1998 book by Ralph Fletcher

Flying Solo is a young adult novel written by Ralph Fletcher, first published in 1998 (first edition).

==Plot==
On April 28th, Mr. Fabiano, a sixth-grade teacher, is out of school. His substitute teacher calls in sick herself. Due to an administrative error, another substitute is not called. When Mr. Fabiano's class arrives, they discover that their substitute teacher has not arrived. The class decides they will not report this to administration and decide to run the classroom by themselves. The students follow the instructions left by their teacher, and all goes fairly smoothly. The day, spent mostly-unattended, gives the class an opportunity to work out some of their feelings and problems. A major issue in the class is the death of one of the students, Tommy, back in October. At the end of the school day, there is a special assembly during which all of the teachers are supposed to come up onstage. Mr. Fabiano's class is caught when there is no substitute around to go onstage, and they admit to their decision.
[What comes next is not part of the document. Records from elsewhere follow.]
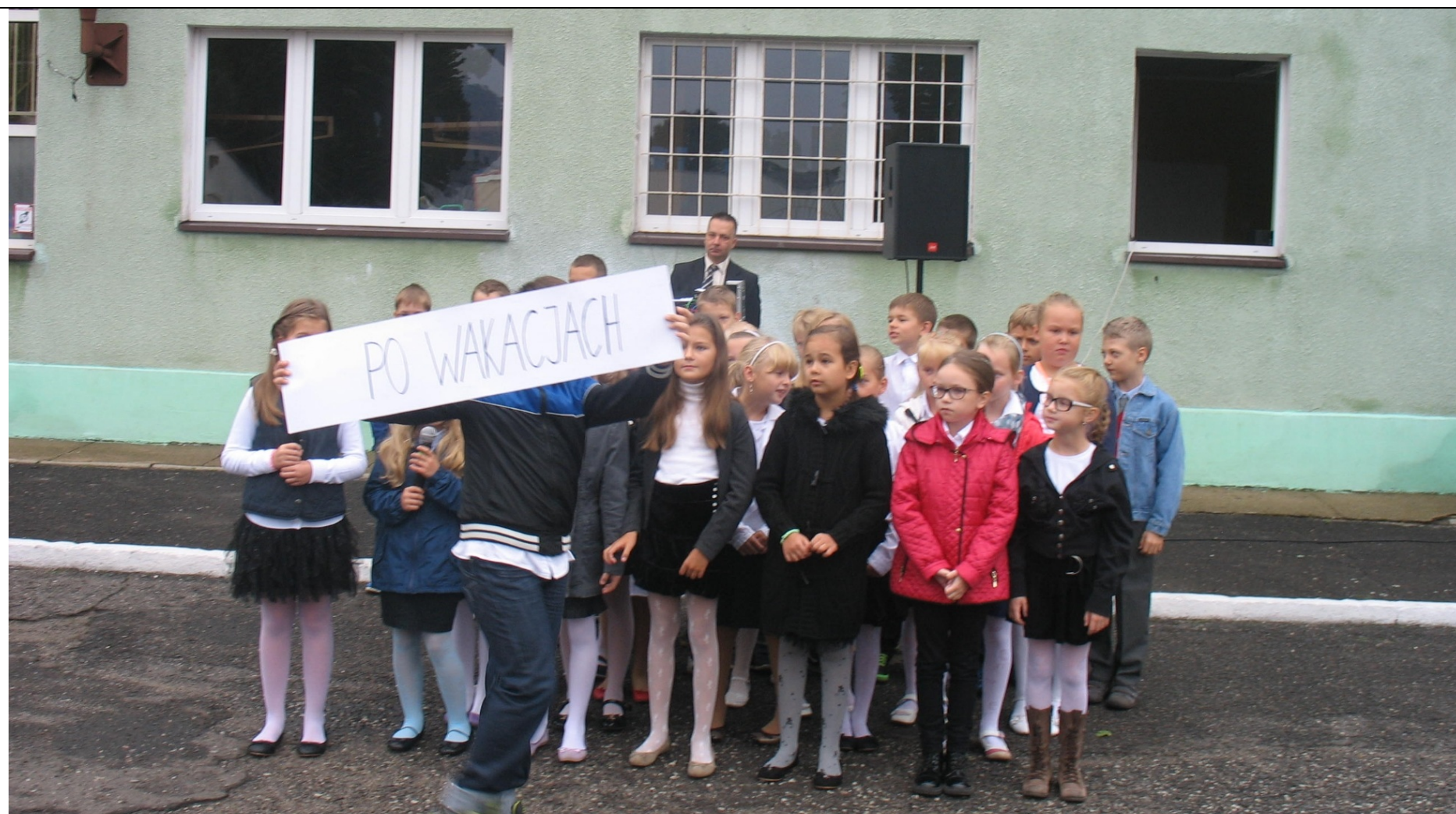
Rozpoczęcie roku szkolnego
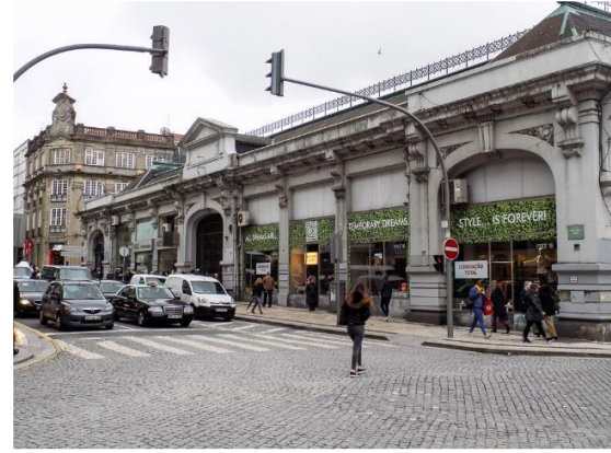
Figura 3: Fotografia do exterior do Mercado do Bolhão (Rua Fernandes Tomás).
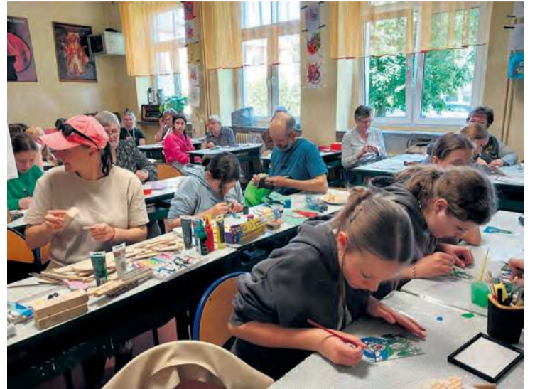
W trakcie zajęć panowała dobra atmosfera, a towarzyszyła jej wręcz mrówcza praca.

ska Zrzeszenia Kaszubsko-Pomorskiego Oddział Tuchola.
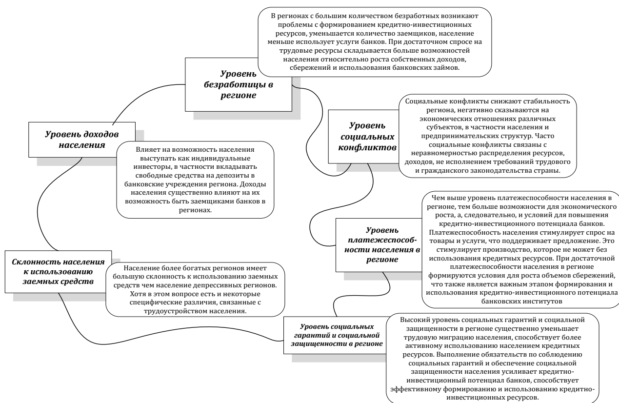
Рис. 3. Социальные особенности, влияющие на кредитно-инвестиционный потенциал коммерческих банков в регионах Украины
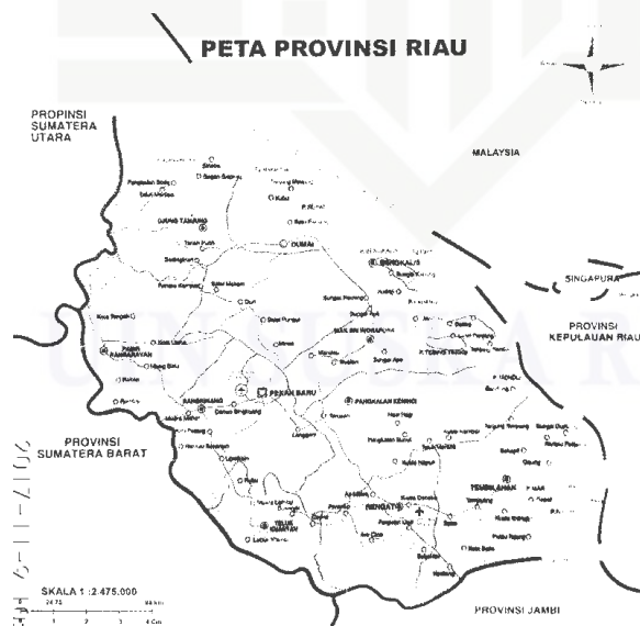
Gambar 4. 1 Peta Wilayah Provinsi Riau

2. Dilarang mengumumkan dan memperbanyak sebagian atau seluruh karya tulis ini dalam bentuk apapun tanpa izin UIN Suska Riau.
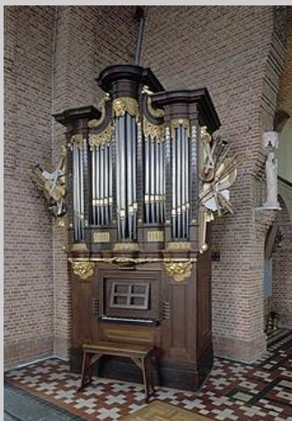
3 Het Rogier-orgel te Koewacht

http://www.orgelsinzeeland.nl/navigatie_plaats_koewacht_kerkvandehhphillipusenjacobus.htm
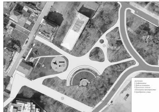
Китен заслужава модерни подходи към плажовете. Предвиждаме амфитеатърът да е разположен в най-ниската точка, където ще има най-добра видимост към сцената. Съществуващото богато озеленяване е естествен декор към него. Пеизажно оформени алеи за разходки, с кътове за сядане, разположени на подходящи места. Предвидена е съвременна детска площадка в откритата част на парка. Осигуряване на необходимите пешеходни връзки с околните улици и обширен подход към църковната сграда.

Освен на гр. Приморско и гр. Китен, подобаващо внимание ще бъде обърнато и на селата в общината. Ще се води активна политика пред държавните институции да започнат незабавни основни ремонти на път II клас Бургаз – Царево и пътица III клас Веселие – Ясна поляна и Ново Паничарево – Ясна поляна, както и за почистване на коритата на реките Дяволска от с. Ясна поляна до гр. Приморско и р. Ропотамо от с. Ново Паничарево до резерват „Ропотамо“. Ще бъдат доизградени ВиК мрежите на селата в общината, както и
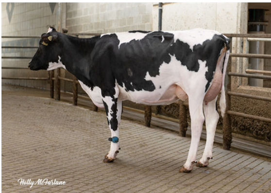
WESTCOAST MLIRE FAR8391 11926 DAUGHTER
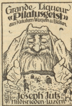
Der Liqueurkenner trinkt nur noch „Pilatusgeist“.

Doktonwerk Mörschwil (St. Gallen). Spezialfabrikate: Metall-Trockenputztücher „Dokton“ (Qualitäts-Erzeugnisse von Weltruf!) Fingernagelpoliertuch „Hexod“
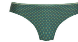
String 3 553 23 SIZE 36-46
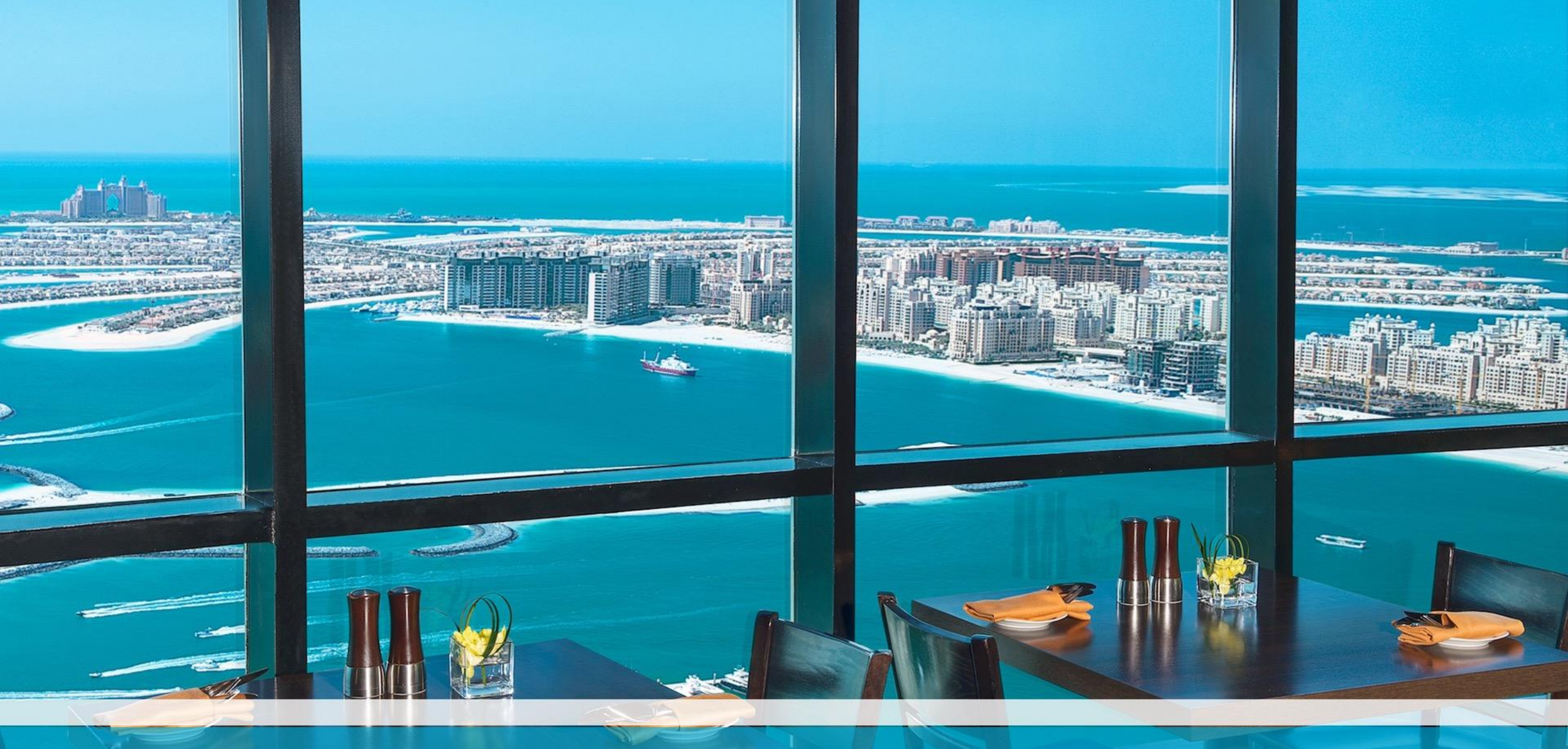
The Observatory - Dubai Marina - Marriott Harbour Hotel
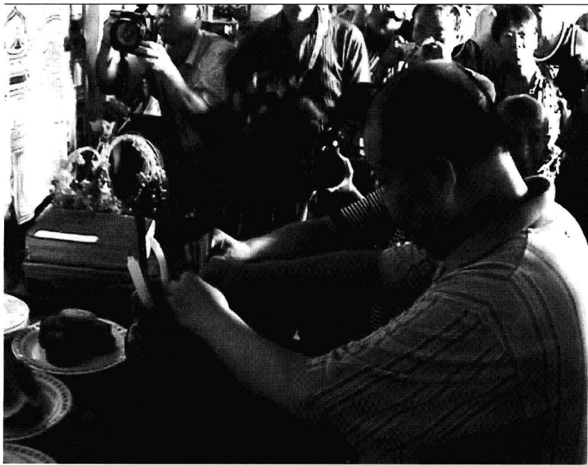
二月河在祖祠上香
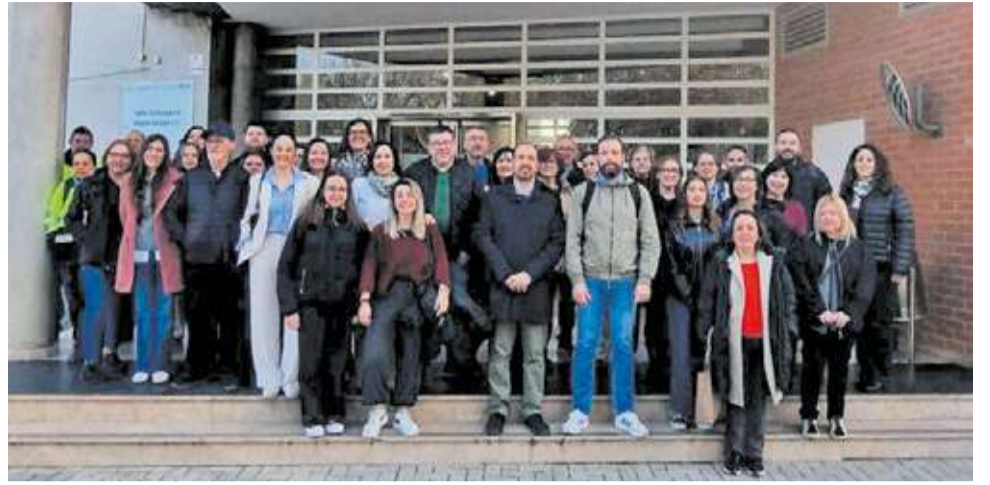
Els 40 nous treballadors amb l'alcalde d'Aldaia, Guillermo Luján.
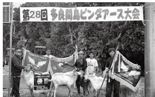
各階級で優勝したピンダと飼養者の皆さん (左から中量級優勝 レッドサンダー、重量級優勝 ガラガラドン、 軽量級優勝 波)
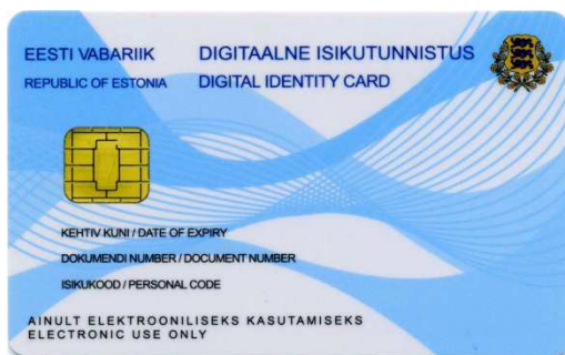
Digitaalse isikutunnistuse esikülj
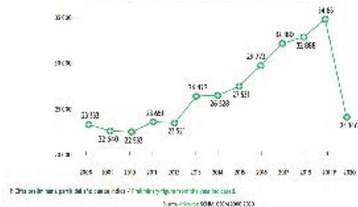
Ocupación en la industria cinematográfica (puestos de trabajo totales) en 2008-2020

Ahora bien, una de las industrias más afectadas por la pandemia por el COVID-19, en México y en el mundo, fue la industria del cine. En nuestro país, durante el año 2020 se perdieron más de 10 mil puestos de trabajo ocupados en la industria cinematográfica en México respecto a las cifras del 2019, pasando de 34,831 a 24,146.
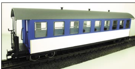
3330700 DB Autozug Wangerooge ohne Werbebotschaft

Der Flachwagen mit zwei Drehgestellen hat Metallachsen und ist universell einsetzbar. Das Fahrzeug ist beidseitig mit einer Bühne ausgestattet.
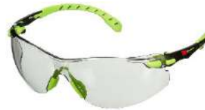
3M™ Solus™ 1207SGAF Scotchgard - In Out

*Dependiendo del país se encuentran disponibles algunos modelos y opciones de lentes que podrían incluir marco de espuma o TPE y banda elástica.
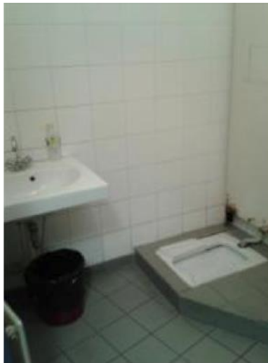
Le WC utilisé par les gardés à vue

A proximité du local « fouille – avocat – médecin », se trouve une douche hors d'état de fonctionnement, ainsi qu'un WC avec un lavabo. Ce dernier est très propre, et est équipé de papier toilette, de savon et d'une poubelle.
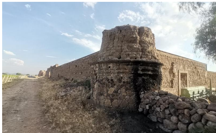
Fotografía 3.- Fuerte y hacienda de San Diego en Luis Moya Zacatecas.

Se aprecia uno de los torreones del fuerte aún en pie.
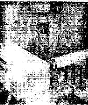
パイプテクターの設置状況
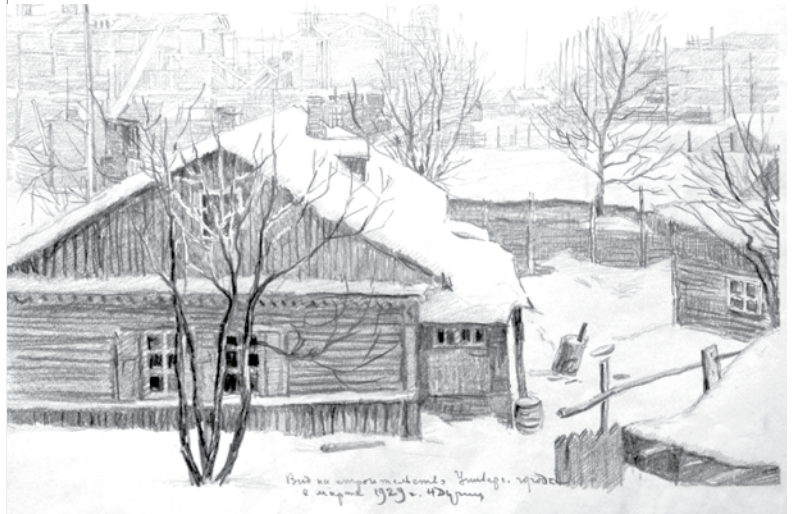
Вид на строительство Университетского городка. Рисунок художника Н.В. Дучица (1896–1980). Март 1929 года

свою репутацию как дотошного и профессионального законника. Поэтому «суровая критика» М.О. Гредингером на страницах «Советского строительства» проекта кодекса явно зацепила «за живое» и разработчиков, и самого наркома. Для «достойного» ответа автор избрал интеллигентно-издевательскую, а порой даже глумливую манеру предъявления своих претензий к замечаниям и их безоговорочного отторжения.
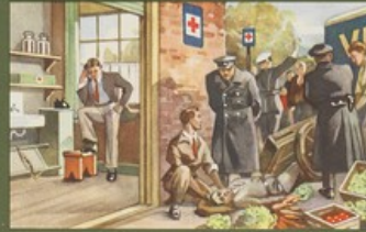
Inrichting van een hulppost langs de weg
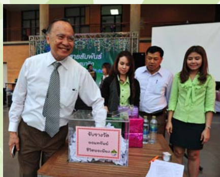
จับรางวัลลอสมทรัพย์ชีวิตพอเพียง
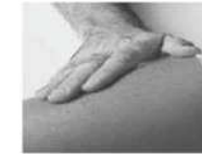
Puis massez la zone d'injection
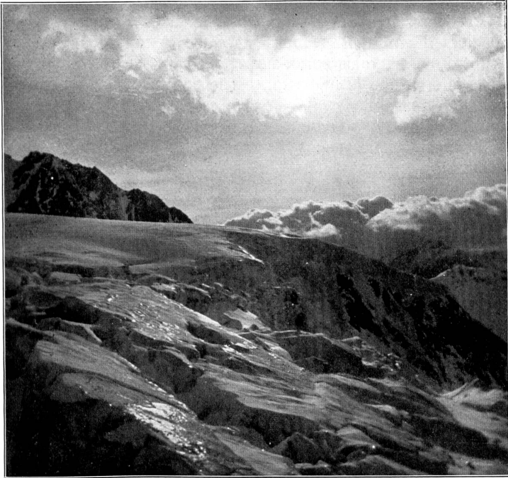
Glacier de Ried vers Nadelgrat (Soir)
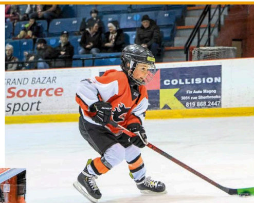
La relève du hockey est en vedette à l'aréna de Magog depuis une dizaine de jours.

La classe M7 (pré-novice) se déroule dans un format festival alors que la classe M9 (novice) se tient dans une
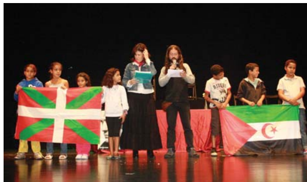
Udara pasatzera Sahararik etorri diren haurrak igo ziren parodia hasi aurretik eta kanpamenduetako egoera azaldu zuten.
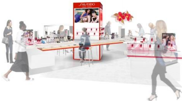
「SHISEIDO」ソーシャルカウンター

ブランドの新しいストーリーと新しい未来づくりの一環として、ロゴの中にブランドのこころである「GINZA」と「TOKYO」を加えました。
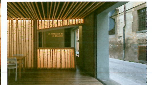
▲ Les plaques de polycarbonate diffusent la lumière et dématérialisent la paroi par un effet de profondeur.

Les rues étroites qui serpentent au cœur de la petite ville d'Olot en Catalogne abritent depuis 2014 une terrasse d'un modèle hybride. Un cocon taillé dans l'emprise bâtie pour proposer à la ruelle une nouvelle épaisseur.
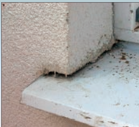
Отслоения, растрескивания и разрушения армирующего и декоративного слоев в местах примыкания к отливу появились из-за неправильно организованного деформационного шва
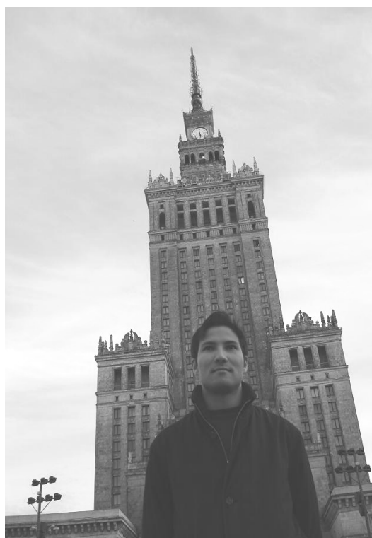
Warschau: Im Hintergrund der Palast der Kultur und der Wissenschaft
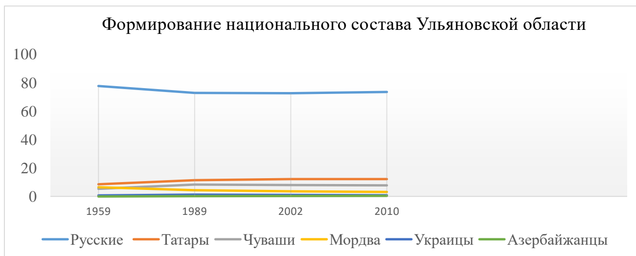
Рис. 1. Формирование национального состава Ульяновской области [составлена автором]

В диаграмме представлено формирование национального состава Ульяновской области (рис. 1.).
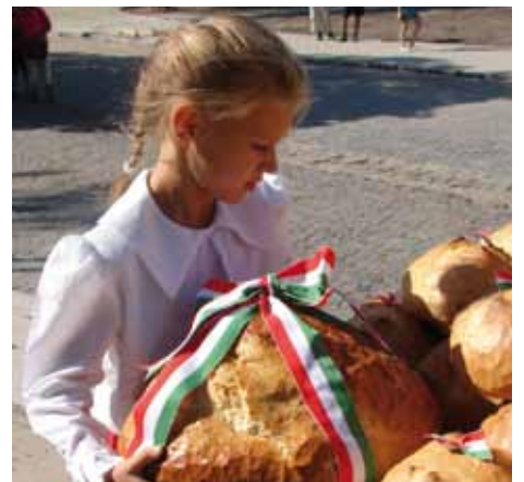
Cikk a 7. oldalon.
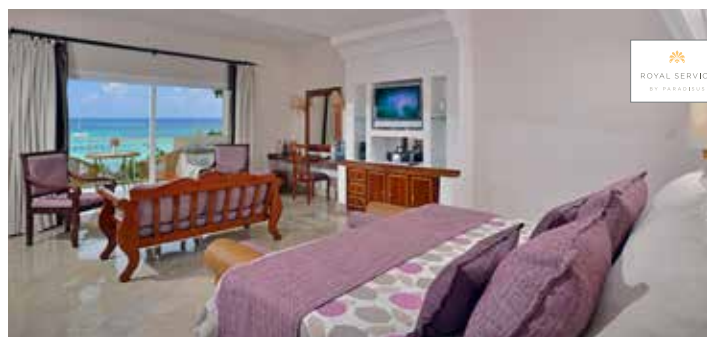
Luxury Junior Suite Servicio Real

Máxima ocupación por habitación: Ocupación doble o doble uso individual. Solo Adultos (a partir de 18 años). Ocupación máxima de habitación: 3 adultos. Solo se acepta 1 cama extra por habitación. Ocupación máxima en Servicio Real: 2 adultos.
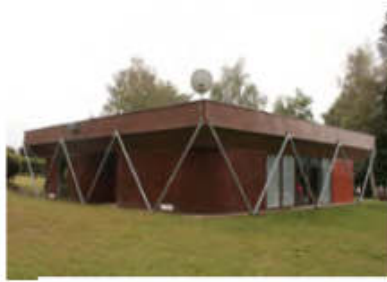
modèle BSM 1ère série

The novel ends with opinions from the students on whether they did the right thing.

==Characters==
- Mr. Sal Fabiano — A handsome and beloved sixth grade teacher.
- Rachel White — The de facto protagonist. Rachel has been mute for six months since Tommy died six months earlier, the day after she told him off. She has a major interest in flying and planes.
- Tommy Feathers — An awkward boy, formerly in Mr. Fabiano's class, who died of natural causes six months earlier. He had an extreme crush on Rachel, giving her gifts and making her food, which made her uncomfortable.
- Bastian Fauvell — A sarcastic and rebellious Air Force brat. It's his last day of school before he moves to Hawaii.
- Sean O'Day — A shy boy from a poor family. His father is an alcoholic with a much younger girlfriend. He has a crush on Rachel.
- Karen Ballard — The natural leader of the class who was basically the teacher for the day, also class president.
- Jessica Cooke — The only member of the class that questions the students running the class for the day.
- Christopher Ransom — An obnoxious and spoiled rich boy, that irritates most of the class.
- Missy — Rachel's best friend, who is also overweight and insecure. She usually acts as Rachel's interpreter.
- Rhonda — A sassy girl who is also brave and competitive.
- Sky — An quiet boy from California who is a good surfer.
- John LeClerc — Bastian's best friend, a troublemaker. He was out sick for most of the school day but Bastian "snuck him into" school so they could hang out before Bastian moved.

==Themes==
Several of the topics explored in the novel include selective mutism, death, and grief.

==Reception==
Susan P. Bloom in her review for Horn Book Magazine was positive, saying "this kaleidoscopic novel is more thoughtful and poignant than most school stories, while still appropriately leavened with comic moments"; it "demonstrates an utter respect for its characters and its readers, who will appreciate the honest and uncondescending portrayals." Julie Siebecker reviewing for School Library Journal said that "the prose is economical but not sparse, and the characters are developed as sketches rather than in-depth portraits, which helps keep the book moving briskly. Not a must-have but a worthwhile purchase." Nancy J. Johnson in her review for The Reading Teacher said that "Fletcher's characters are realistic and complicated. They rely on the writing lessons Mr. Fabiano taught them to explain, understand and uncover the challenges of growing up and facing independence."